__ABOUT THIS TASK__: An exact reproduction is required of the lines from the beginning of the entries through the line with "Купить Бархатный красный", pictures excluded and nothing added.

[Records from a collection]

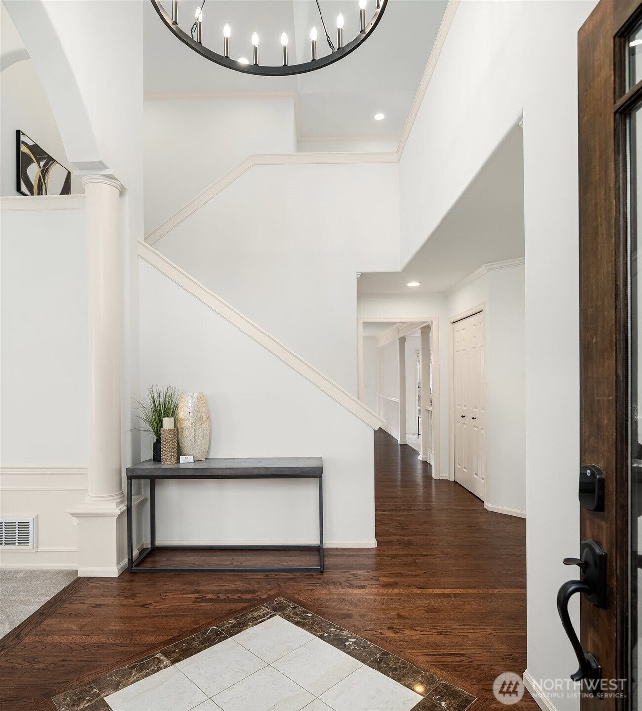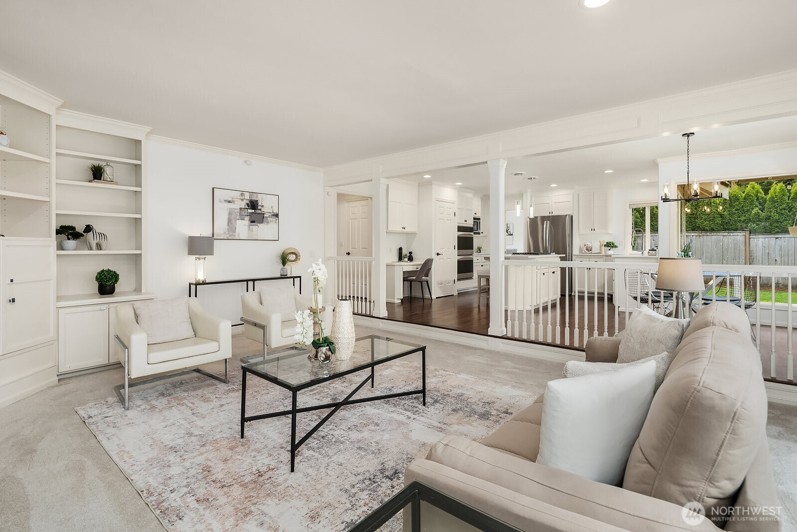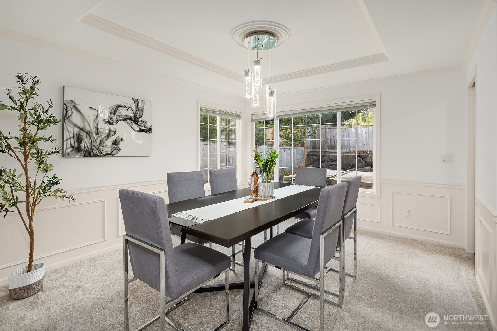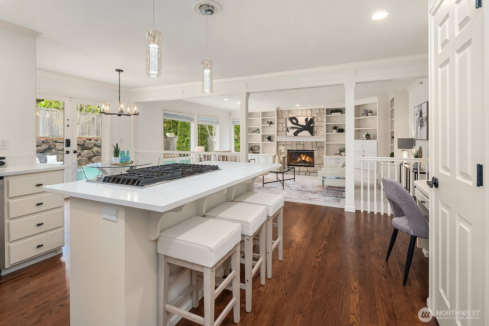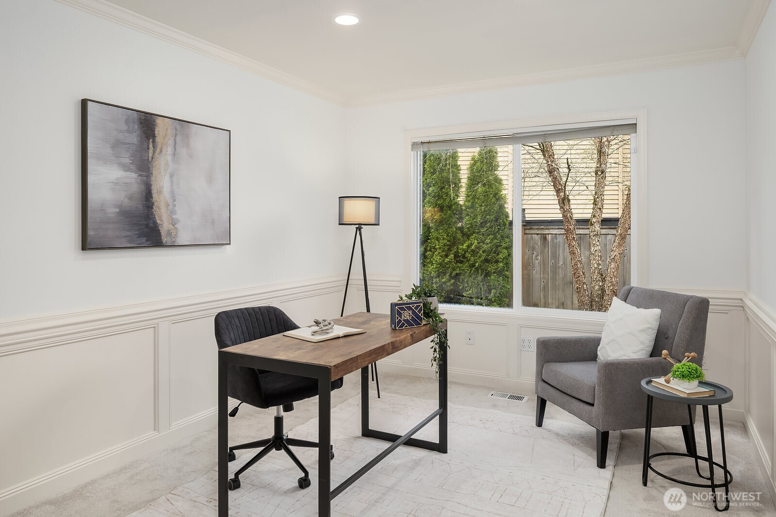 Sought after Buchan resale nestled in the Trossachs community, offering a rare combination of refined finishes and true move-in condition. This east facing 4 bedroom, 2.5 bath home spans 3,110 square feet of well-appointed living space. Step inside to soaring ceilings and a light-filled formal living room framed by a custom front door. The main level gathering room is anchored by expansive picture windows with serene views of the private backyard, perfect for relaxing or hosting guests. The kitchen impresses with upgraded quartz countertops, stainless steel appliances, a large center island, and ample cabinetry, designed equally well for everyday use and entertaining. A dedicated main level office, easily converted to a fifth bedroom, adds valuable flexibility for working from home. The upper level is anchored by a fully remodeled primary suite with a spa-inspired bath featuring premium finishes and a custom built-in walk-in closet offering exceptional organization. Three additional bedrooms and a full bath complete the upper level. Outside, enjoy a shy quarter acre lot with mature landscaping, a sports court, and a three car garage equipped with an EV charger. Central air conditioning ensures year-round comfort in every season. Major updates include a new roof, new furnace, and refinished hardwood floors throughout, making this a truly turnkey opportunity in one of the area's most desirable neighborhoods. Located within the highly regarded Issaquah School District.
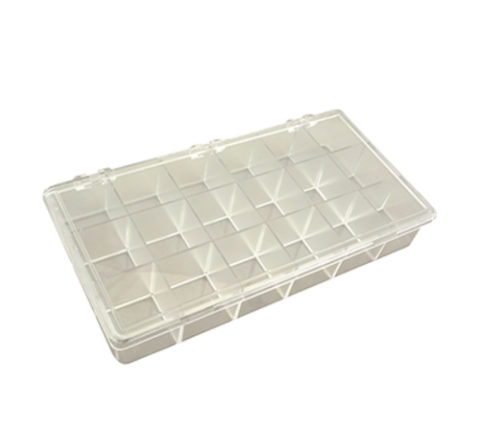 Storage Box, (18) compartments, 8-1/4" x 4-1/2" x 1-3/8" deep, plastic, clear
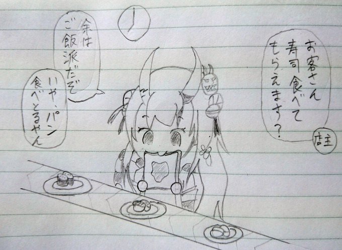 15 57 寿司屋で朝ごはんにパンを食べるお嬢(ご飯派) 今朝のツイートより #百鬼絵巻 21/08/16 13:11
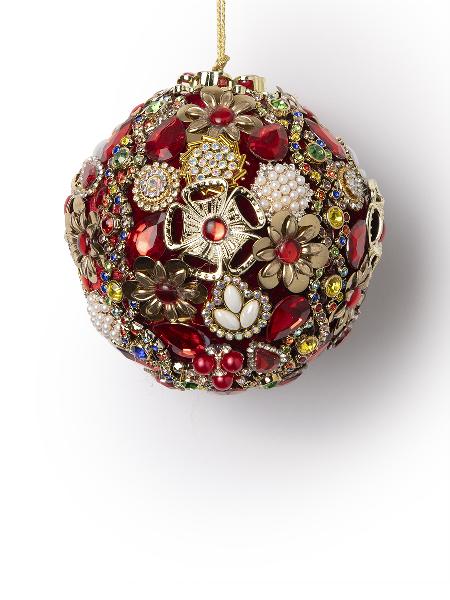 Купить Бархатный красный шар со стразами, жемчужинами и кристаллами 10 см. 17630 по лучшей цене с доставкой - интернет магазин №1 в России
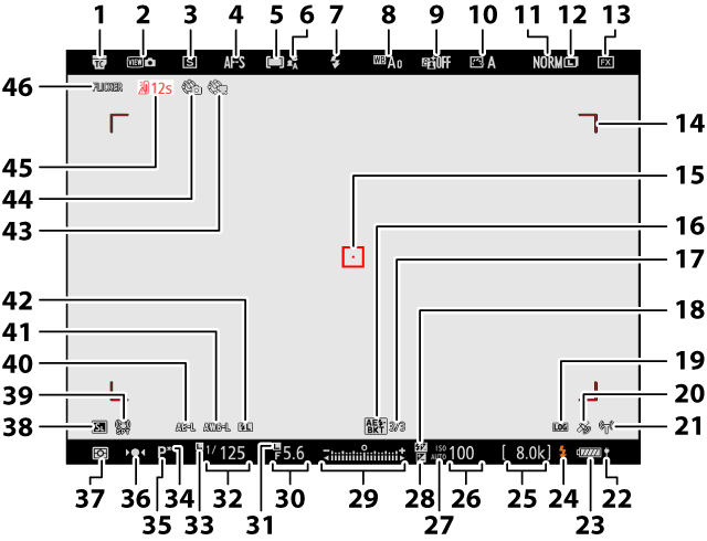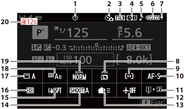 Modo de disparo (Modo de disparo) Capacidad de la memoria intermedia (Modo de disparo) Capacidad de la memoria intermedia (captura de fotogramas a alta velocidad; Captura de fotogramas a alta velocidad (C30/C120)) Indicador de disparo a intervalos (Fotografía con disparo a intervalos) Indicador de vídeo time-lapse (Grabación de vídeos time-lapse) Indicador de desplazamiento de foco (Fotografía con desplazamiento de foco) |

__YOUR SOLUTION__:
 Sought after Buchan resale nestled in the Trossachs community, offering a rare combination of refined finishes and true move-in condition. This east facing 4 bedroom, 2.5 bath home spans 3,110 square feet of well-appointed living space. Step inside to soaring ceilings and a light-filled formal living room framed by a custom front door. The main level gathering room is anchored by expansive picture windows with serene views of the private backyard, perfect for relaxing or hosting guests. The kitchen impresses with upgraded quartz countertops, stainless steel appliances, a large center island, and ample cabinetry, designed equally well for everyday use and entertaining. A dedicated main level office, easily converted to a fifth bedroom, adds valuable flexibility for working from home. The upper level is anchored by a fully remodeled primary suite with a spa-inspired bath featuring premium finishes and a custom built-in walk-in closet offering exceptional organization. Three additional bedrooms and a full bath complete the upper level. Outside, enjoy a shy quarter acre lot with mature landscaping, a sports court, and a three car garage equipped with an EV charger. Central air conditioning ensures year-round comfort in every season. Major updates include a new roof, new furnace, and refinished hardwood floors throughout, making this a truly turnkey opportunity in one of the area's most desirable neighborhoods. Located within the highly regarded Issaquah School District.
 Storage Box, (18) compartments, 8-1/4" x 4-1/2" x 1-3/8" deep, plastic, clear
 15 57 寿司屋で朝ごはんにパンを食べるお嬢(ご飯派) 今朝のツイートより #百鬼絵巻 21/08/16 13:11
 Купить Бархатный красный шар со стразами, жемчужинами и кристаллами 10 см. 17630 по лучшей цене с доставкой - интернет магазин №1 в России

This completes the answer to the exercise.